*** Data provided ***
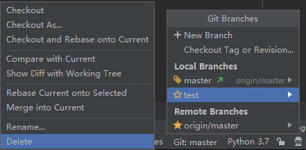 点击上图中的【Delete test】,或在右下角点击test分支,选择【Delete】
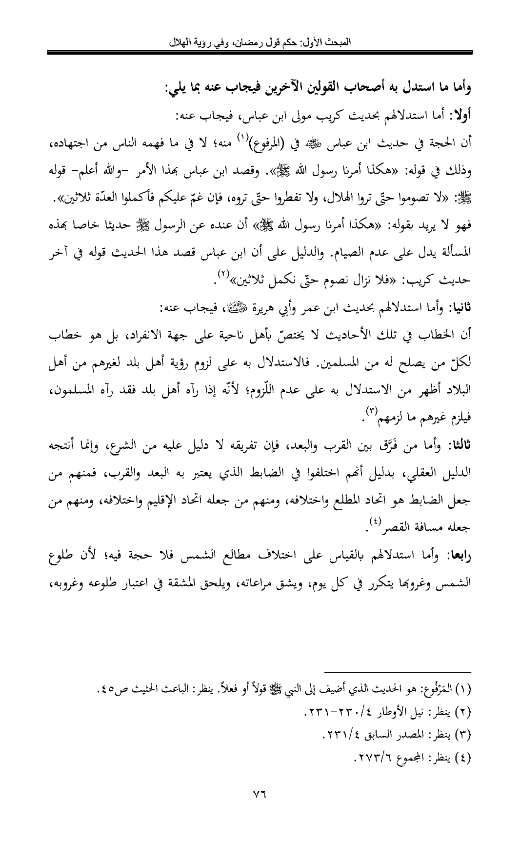 رابعا: وأما استدلالهم بالقياس على اختلاف مطالع الشمس فلا حجة فيه؛ لأن طلوع الشمس وغروبها يتكرر في كل يوم، ويشق مراعاته، ويلحق المشقة في اعتبار طلوعه وغروبه،
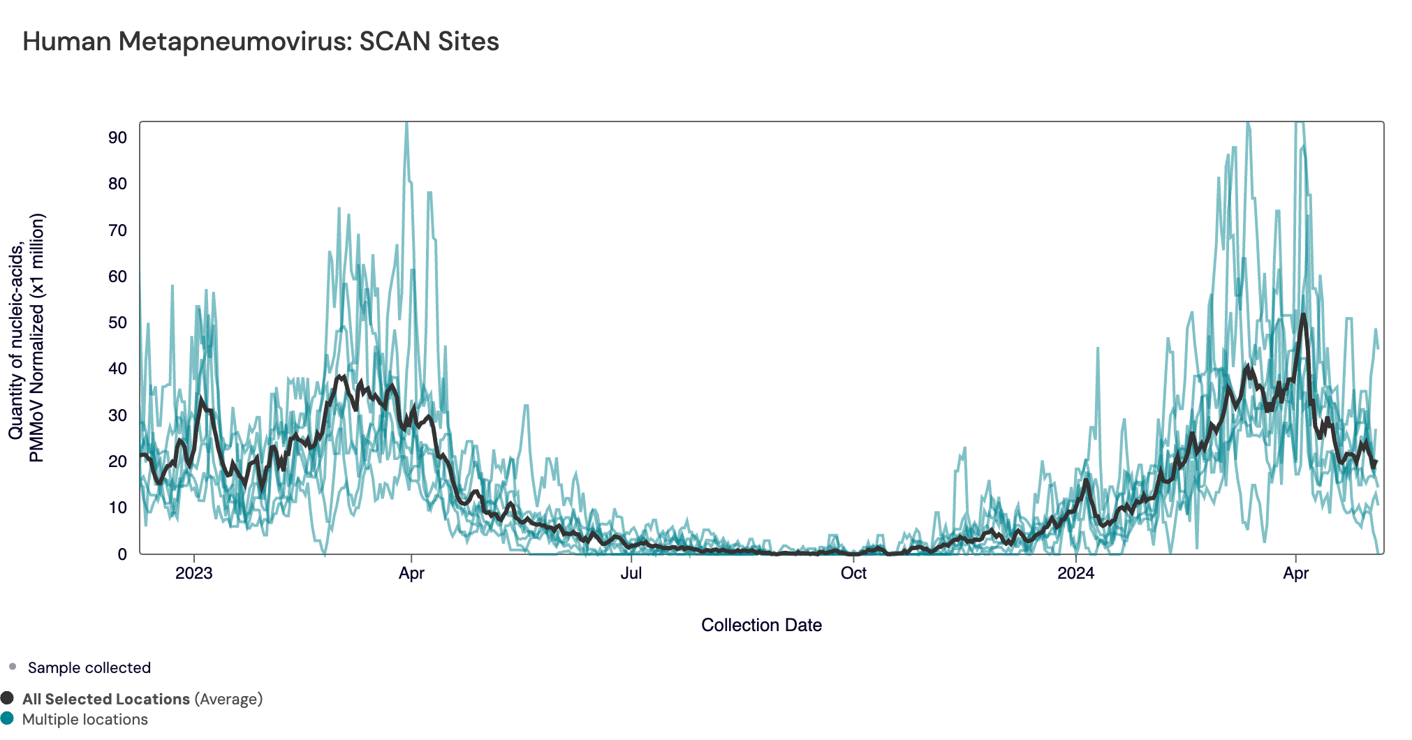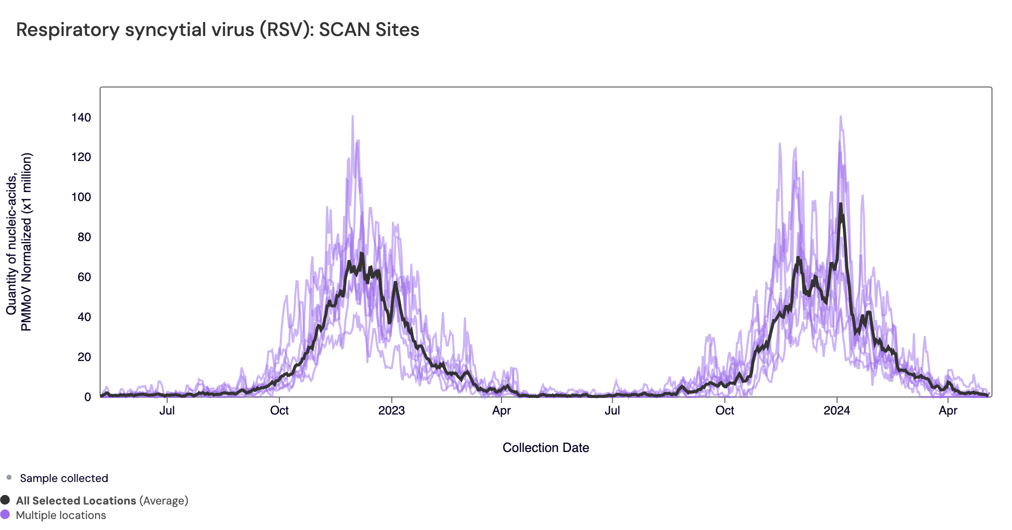 RSV RNA concentrations have decreased to low levels. In the chart below (representing data from the past 2 years), the population weighted average line across all the SCAN sites is shown in black, and you can see the current concentrations relative to the peak RSV levels from last year. The link to the chart below is here if you would like to interact with it.
*** End of Data provided ***
**What needs to be done:** Give back the material word for word and drop the pictures it holds.

**Task answer:**
 点击上图中的【Delete test】,或在右下角点击test分支,选择【Delete】
 رابعا: وأما استدلالهم بالقياس على اختلاف مطالع الشمس فلا حجة فيه؛ لأن طلوع الشمس وغروبها يتكرر في كل يوم، ويشق مراعاته، ويلحق المشقة في اعتبار طلوعه وغروبه،
 RSV RNA concentrations have decreased to low levels. In the chart below (representing data from the past 2 years), the population weighted average line across all the SCAN sites is shown in black, and you can see the current concentrations relative to the peak RSV levels from last year. The link to the chart below is here if you would like to interact with it.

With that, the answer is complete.